Genomic DNA isolation and Southern blot analysis. C. albicans genomic DNA was prepared as described previously for S. cerevisiae (62). For the Southern hybridization, genomic DNAs (500 ng) were digested to completion with HindIII and EcoRV, electrophoresed on a 1% agarose gel, and transferred to a nylon membrane (Hybond-N; Amersham Biosciences, Piscataway, NJ). Prehybridization, hybridization, and washing steps were carried out as previously described (66). The TAC1 probe used consists of a 32P-radiolabeled 927-bp PCR-amplified fragment from SC5314 genomic DNA overlapping positions +2020 to +2946 in the TAC1 ORF. The membrane was exposed to a FUJIFILM imaging plate screen. The signal was quantified using the Multi Gauge program, version 2.3 (FUJIFILM). The membrane was subsequently exposed to Kodak XAR film at –80°C.

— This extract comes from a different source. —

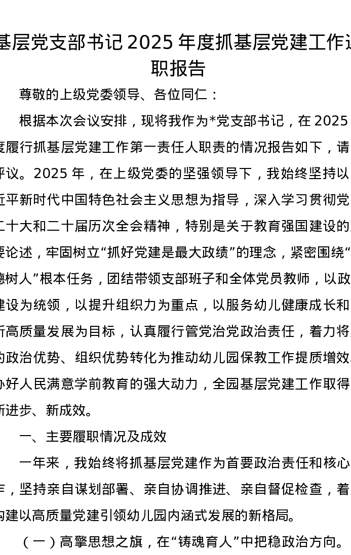 基层党支部书记2025年度抓基层党建工作述职报告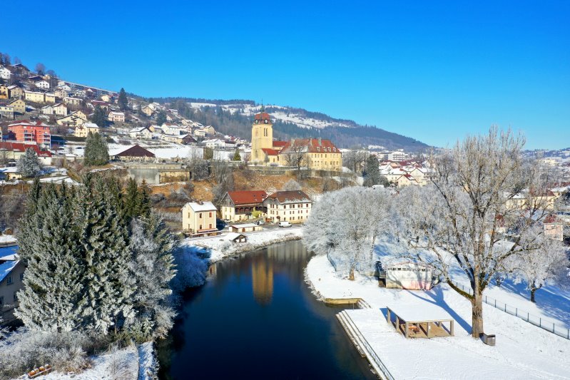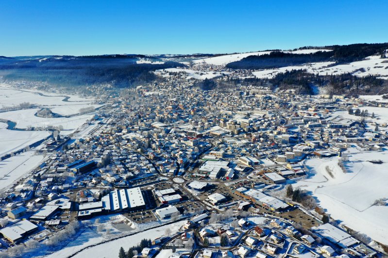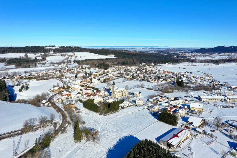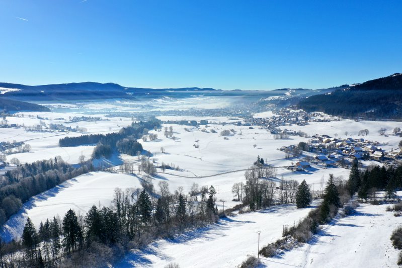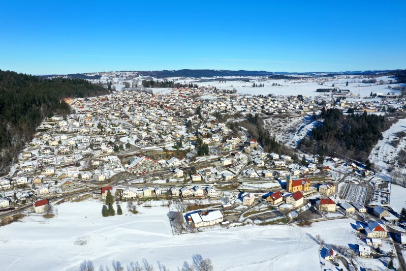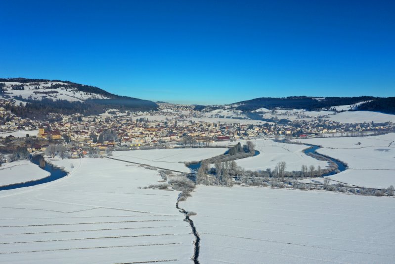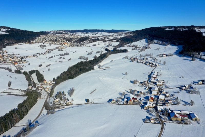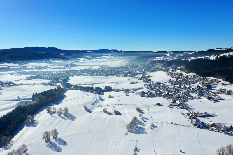 | Blick auf Morteau. Frankreich, Département Doubs 13.01.2024 Flug Nr. mp149 |

Total protein preparation and Western blotting. Total protein was prepared from 2 OD units of strains CAI4 and SZY63 grown overnight, as described previously for S. cerevisiae (62). Extracts were boiled for 5 min, and 35 µl (out of 100 µl total) was separated by electrophoresis on an SDS-8% polyacrylamide gel. Proteins were transferred to a nitrocellulose membrane with a Trans Blot SD semidry transfer apparatus (Bio-Rad, Hercules, CA) and analyzed with a mouse anti-HA monoclonal antibody [HA probe (F-7): sc-7392; Santa Cruz Biotechnology, Inc., Santa Cruz, CA] at a dilution of 1:2,000 by use of a chemiluminescence detection system under conditions recommended by the manufacturer (Pierce Biotechnology, Inc., Rockford, IL).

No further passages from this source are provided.